La séparation progressive de ces derniers siècles a culminé avec une déclaration formelle de séparation institutionnelle entre l’Est, au sein de l’Église orthodoxe (aujourd’hui Église orthodoxe orientale), et l’Ouest, au sein de l’Église catholique (aujourd’hui Église catholique romaine). Cette séparation a été connue sous le nom de Grand Schisme d’Orient.
L’église s’est divisée selon des lignes doctrinales, théologiques, linguistiques, politiques et géographiques, et la brèche fondamentale n’a jamais été comblée, chaque partie accusant parfois l’autre d’être tombée dans l’hérésie et d’avoir initié la division. Les conflits des siècles suivants (tels que les croisades, le massacre des Latins en 1182, les représailles de l’Occident lors du sac de Thessalonique en 1185, la prise et le sac de Constantinople en 1204 et l’imposition des patriarches latins) ne feront que rendre la réconciliation plus difficile.
Principaux enseignements
Points clefs
- Au tournant du millénaire, les Empires romains d’Orient et d’Occident se sont progressivement séparés le long de lignes de fractures religieuses pendant des siècles. Une séparation dans le monde romain peut être marquée par la construction de la Nouvelle Rome de Constantin le Grand à Byzance.

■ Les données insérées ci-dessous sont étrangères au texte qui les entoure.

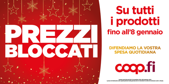 A fronte di listini di acquisto in continuo aumento, la Cooperativa assorbirà gli aumenti internamente: i mancati rialzi prezzo non graveranno quindi sui fornitori. I prezzi di riferimento dell’iniziativa sono quelli praticati nella giornata del 21 novembre, al netto di eventuali sconti o ribassi precedenti al 21 novembre: in questo caso, finito il periodo di offerta, il prodotto tornerà in vendita al prezzo di mercato. Inoltre nel periodo prenatalizio torneranno anche i buoni sconto da 5 Euro spendibili in tutti i punti vendita.
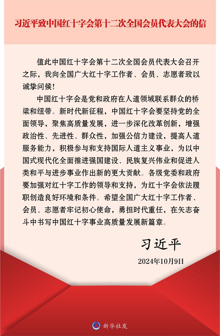 新華社北京10月9日電 在中國(guó)紅十字會(huì)第十二次全國(guó)會(huì)員代表大會(huì)召開(kāi)之際,中共中央總書記、國(guó)家主席、中央軍委主席習(xí)近平致信大會(huì),向全國(guó)廣大紅十字工作者、會(huì)員、志愿者致以誠(chéng)摯問(wèn)候,并對(duì)做好紅十字工作提出希望。

- L’iconoclasme byzantin, en particulier, a accentué la divergence et la tension croissantes entre l’Est et l’Ouest – l’Église occidentale est restée fermement favorable à l’utilisation d’images religieuses – bien que l’Église soit encore unifiée à cette époque.
- En réponse, le Pape d’Occident déclara un nouvel empereur en Charlemagne, consolidant ainsi le clivage et provoquant l’indignation en Orient. L’empire occidental est alors connu sous le nom de Saint-Empire romain.
- Enfin, en 1054, le schisme d’Orient a lieu : il s’agit de la déclaration officielle de séparation institutionnelle entre l’Est, au sein de l’Église orthodoxe (aujourd’hui Église orthodoxe orientale), et l’Ouest, au sein de l’Église catholique (aujourd’hui Église catholique romaine).
Termes clefs
- Schisme d’Orient : Séparation institutionnelle officielle en 1054 de l’Église orientale de l’Empire byzantin (en l’Église orthodoxe, aujourd’hui appelée Église orthodoxe orientale) et de l’Église occidentale du Saint-Empire romain (en l’Église catholique, aujourd’hui appelée Église catholique romaine).
- Iconoclasme : destruction ou interdiction d’icônes religieuses et d’autres images ou monuments pour des motifs religieux ou politiques.